Sometimes as a woman you don't feel as powerful, and dressing as a guy made me feel more confident.
I met my boyfriend in college and he was never really bothered about it at all. He just sees it as me expressing myself, being creative. He accepted it as part of me and we've been together nine years.
'Transforming into a fantasy character'
I do drag at home once or twice a month just for me to create different looks and take pictures.
My female drag is inspired by the 90s, so Barbie girl, My Little Pony, Tamagotchis. It's quite colourful and nostalgic.
When I'm in female drag I feel more happy and bubbly and my mannerisms change, but in male drag I'm more calm and chilled.
When I do the guy drag I don't cover my imperfections as much. I also give myself some more fine lines and stuff. The male side is more punk, Goth style.
I've read many comments online about women doing female drag saying, "where is the transformation?" Even though it's a whole art form.
But I performed at Portsmouth Drag Race in female drag and some of the older men who were drag queens were really kind to me.
I think people might accept my male drag more because they say "oh wow, you're really passable".
People seem to get it more when you're dressing as the opposite gender.
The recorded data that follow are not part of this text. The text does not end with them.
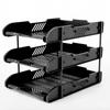 Bandeja de archivos de tres capas, archivador de plástico, cesta de archivos de tres capas, estante de datos para almacenamiento y acabado de escritorio, revistero de varias capas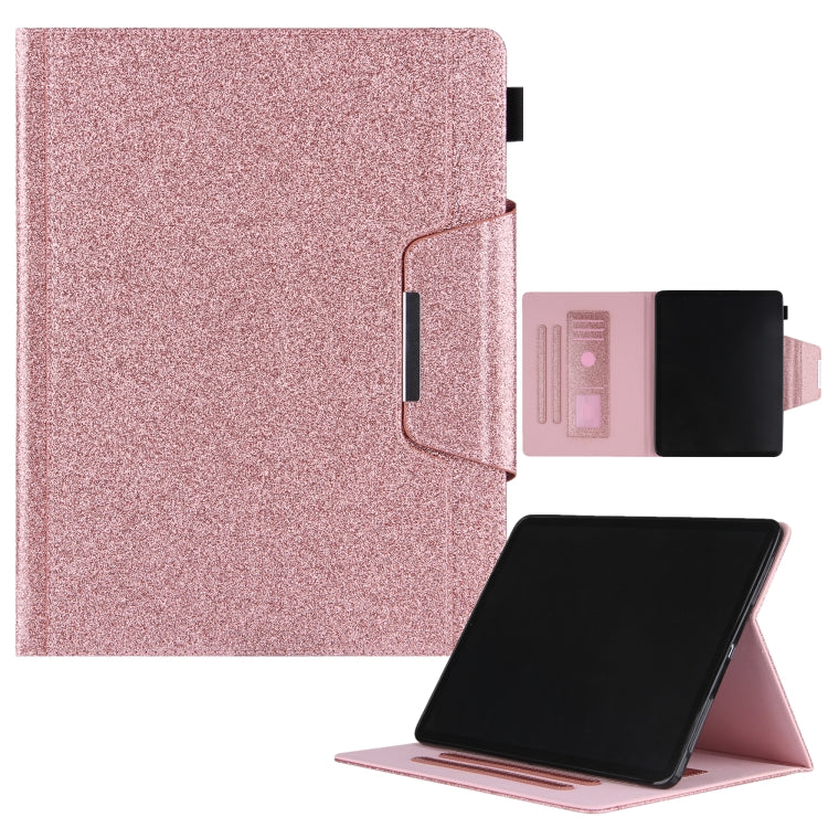 For iPad Pro 13 2024 Glitter Metal Buckle Leather Smart Tablet Case(Rose Gold)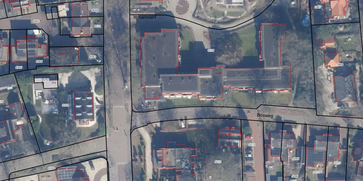 Het perceel waarop Ittmannserf 16 staat heeft een oppervlakte van 5192 m². Dit is een zeer groot perceel. De perceeloppervlakte wordt geregistreerd door het Kadaster. Gedetailleerde informatie over de maten van dit perceel kunt u vinden in het rapport Kadastrale kaart met maatvoering van Ittmannserf 16.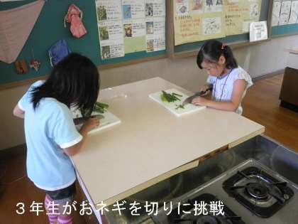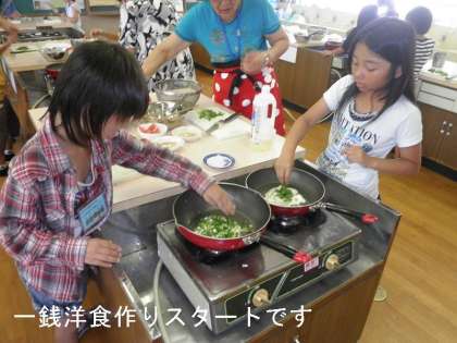暑い中でしたが,地域女性会の方のお世話で,家庭科室で楽しく「一銭洋食」を作り,汗をかきながらもおいしくいただきました。

But really it's like transforming into a fantasy or imaginary character, so your gender shouldn't matter.
'I can just be me'
When I was a lot younger I really, really hated my body. I was super skinny, around 100lbs (45kg).
I was so unsure about who I was but once I started accepting myself I grew into my body and became a better shape.
It honestly took a lot for me to post my first male drag photo with my chest bound. It was interesting to finally see what I would look like.
When I was thinking about what to call my drag personas I ended up coming back to my own name because it's gender neutral.
My mum named me after River Phoenix.
Since doing male drag I've felt more confident just being myself.
Now I know that I don't need to pick one or the other, I can just be me.
'My wardrobe is insane'
In my everyday life I do like to wear more gender-neutral clothing.
Sometimes I'll wear jeans, T-shirt, pull my hair back or put a hat on and no make-up.
Other days it'll be a full dress, curls and glitter. My wardrobe is insane.
Some days I will wear make-up, some days I won't. I don't feel self-conscious about it.
I feel like it's definitely becoming a more acceptable thing, not having to be like "you're a boy, you need to be like this; or you're a girl, you need to be like this".
I feel it's hard to label everyone's gender as it's such a complex spectrum.
I consider myself gender fluid with a leaning towards female. A feminine sprinkle.
I use the female pronouns as it is just a bit easier but I don't mind "they" or "them" either.
'There are no rules'
I think over time I've realised I am pansexual and I'm happy with who I am.
For me, it basically means I wouldn't put any rules on who I'm attracted to.
If someone was trans, or similar to me and didn't see themselves as a man or a woman, that wouldn't change the way I felt about them.
One big thing with doing drag and dressing up is the ability to truly be whoever or whatever you want, whenever you want.
There should be no boundaries with age, ethnicity, gender or sexuality. Nothing should hold someone back from joining in on an art form.
'I want people to accept others'
Although we have all become more accepting of each other in recent years, I still feel there is a lot to be done.
When I went to Portsmouth Pride everyone was really happy and excited to see me in drag for the first time. But when I was walking home I did get quite a few heckles.
I hope one day people can leave their homes dressed however they please and feel perfectly safe.
Clothing and make-up doesn't hurt anybody. It shouldn't ever get an aggressive reaction.
Even if you don't like the way someone looks, for whatever reason, you do not need to comment on it as it does not affect your life.
I want people to accept other people. Let people be themselves and do their own thing.